Ms. Tan’s journey to Chengdu was never something she had planned. “I clicked on a job posting almost by accident,” she recalls with a laugh. A friend had encouraged her, saying it would be a chance to see the world. “Knowledge in a book will always belong to someone else—but when you live it, it becomes your own perspective.”
So, she packed her bags, left Malaysia, and set out on an unexpected adventure. Later then, becoming one of KCS’s founding teachers. She still remembers carrying a heavy cupboard by herself to set up her first classroom, back when the campus was little more than bare walls and open spaces.“It was exhausting,” she admits, “but also unforgettable. Not every teacher gets the rare chance to witness a school grow from nothing. To build and grow alongside the students—that is something truly special.”

In Ms. Tan’s classroom, laughter often weaves seamlessly with moments of serious reflection. She has a gift for making science feel alive—turning something as ordinary as a daily habit, a workout routine, or even the fizz of a soda into a gateway for discovery.Yet, what her students take away is more than knowledge—it is hope. She remembers one student who was ready to give up, weighed down by both academic and personal struggles. With quiet patience and gentle encouragement, she helped her find her confidence and motivation again.
“Later she told me, ‘Teacher, you probably didn’t realize it, but you changed my life.’” Ms. Tan smiles at the memory. “Moments like that remind me why I teach. Scores are important, yes, but guiding a child to rediscover their own light—that’s what truly keeps me going.”

At last year’s Science Fair, one group of students left a lasting impression on Ms. Tan. Instead of stopping at the classroom experiments, they ventured out to a nearby pond, collected water samples, and set out to test the water quality. With curiosity leading the way, they even brainstormed simple, homemade methods to purify the water. The results were far from perfect—their prototype was nowhere near commercial level, and of course, it couldn’t solve water scarcity. But to Ms. Tan, that wasn’t the point. What mattered was the process: students drawing inspiration from everyday life, daring to ask their own questions, and seeking answers through science. “They didn’t walk away with a ‘perfect solution,’” she reflects, “but they did walk away with something more important: the habit of asking, ‘Is my water really clean? How can science make life better?’ And that, to me, is the true meaning of the Science Fair.”
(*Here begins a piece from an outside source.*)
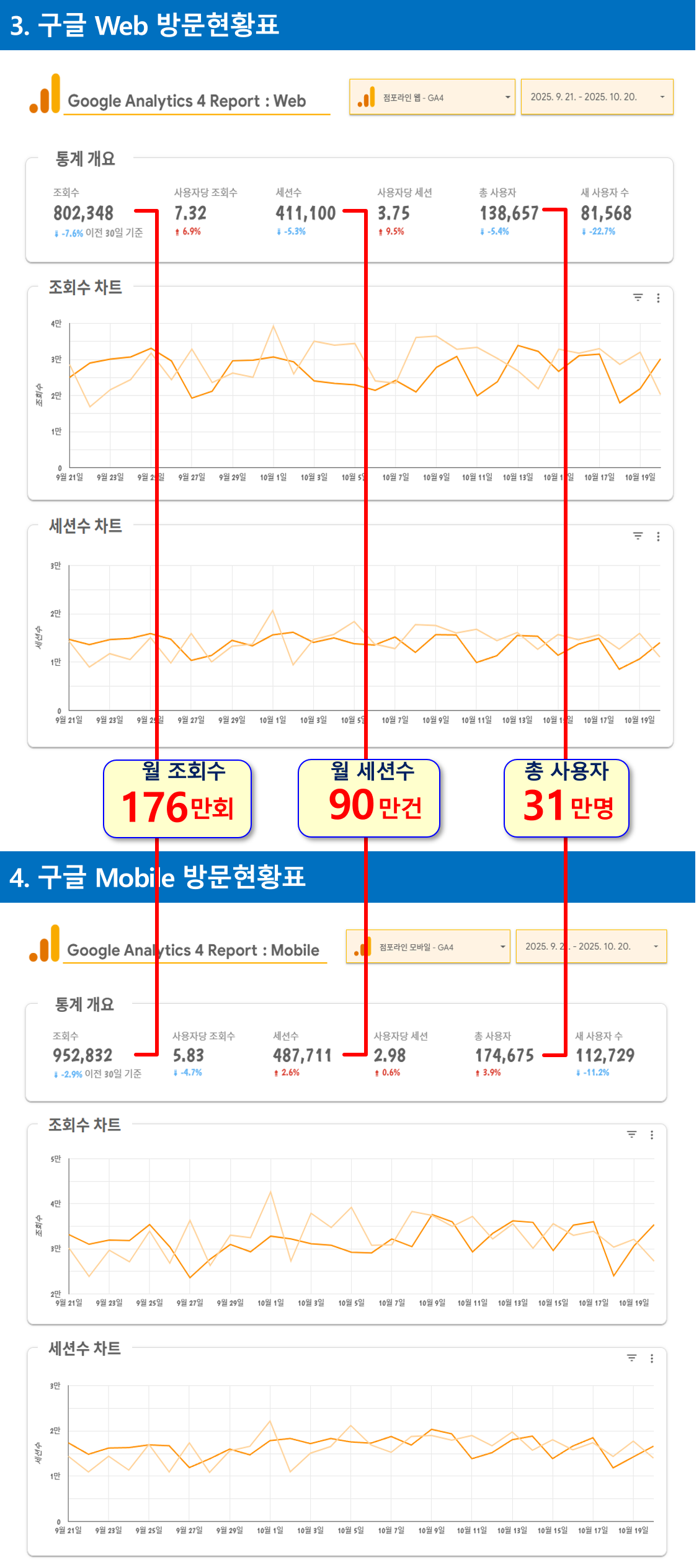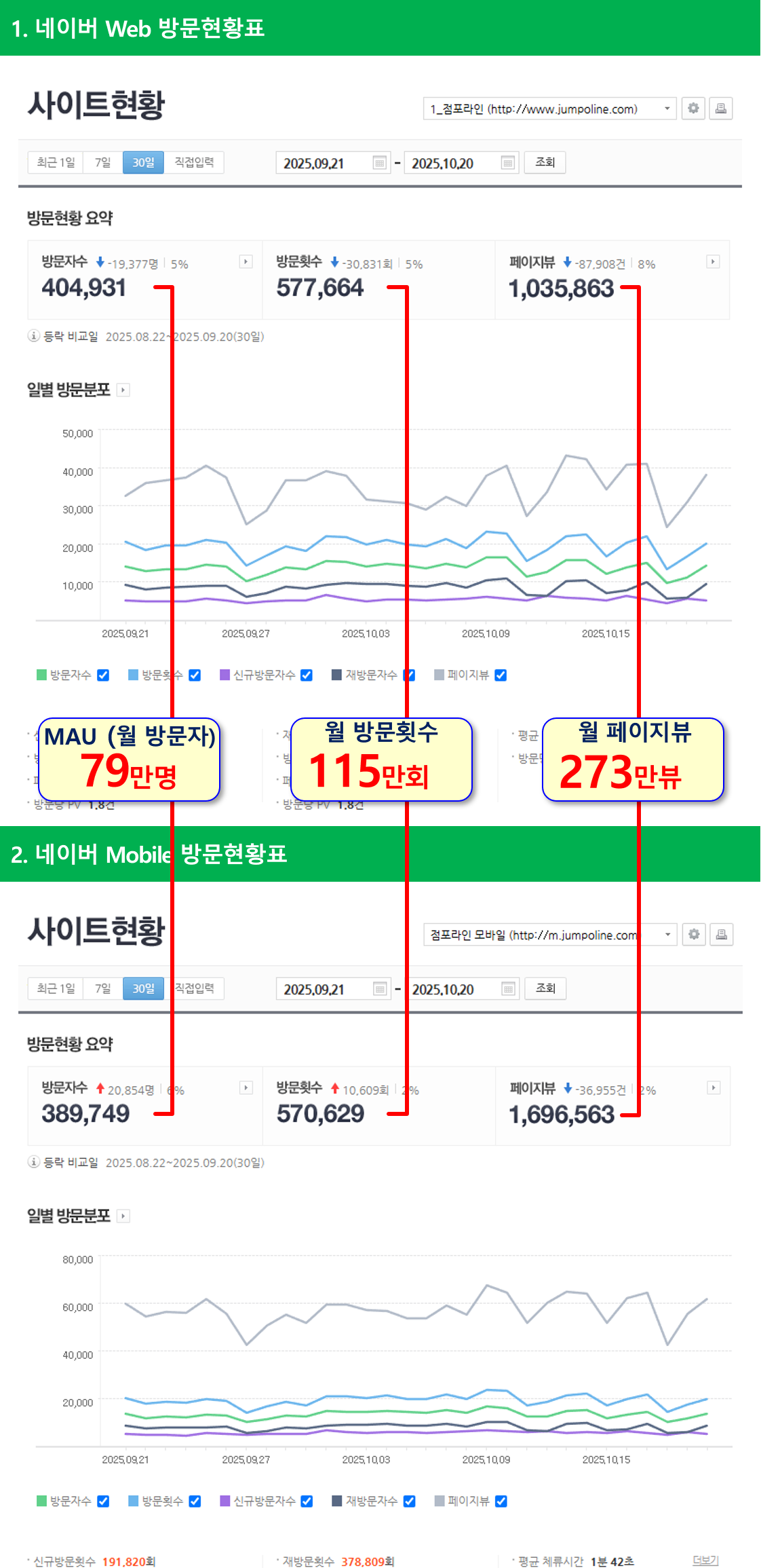 점포라인 웹/모바일 방문자 현황입니다.

For Ms. Tan, teaching has never been about simply transferring knowledge—it has always been about preparing her students to face the unknown with courage. She often reminds them that science, much like life, is unpredictable. “Experiments don’t always work. You can prepare for days, only to see your data go completely wrong,” she says with a gentle smile. “But that doesn’t mean it was wasted. Failure itself is part of science.”To her, mistakes are never failures but stepping stones, guiding students closer to discovery. She believes the true spirit of science lies not in perfection, but in the willingness to keep asking, keep testing, and keep exploring—even when the outcome is uncertain. If her students leave her class with the simple habit of asking “why” a little more often in their daily lives, she considers that her greatest success.

From Malaysia to China, from a young teacher to one of the founding members of KCS, Angel Tan has carried her passion for education unwaveringly.In her classroom, students are not passive listeners, but explorers—small scientists discovering the world for themselves. And maybe that’s why science, in her lessons, is not dry but alive: a journey of surprise, courage, and warmth.“If I can be a beam of light in my students’ lives—if even for a moment they feel hopeful because of something I did—then every hardship has been worth it,” Ms. Tan says.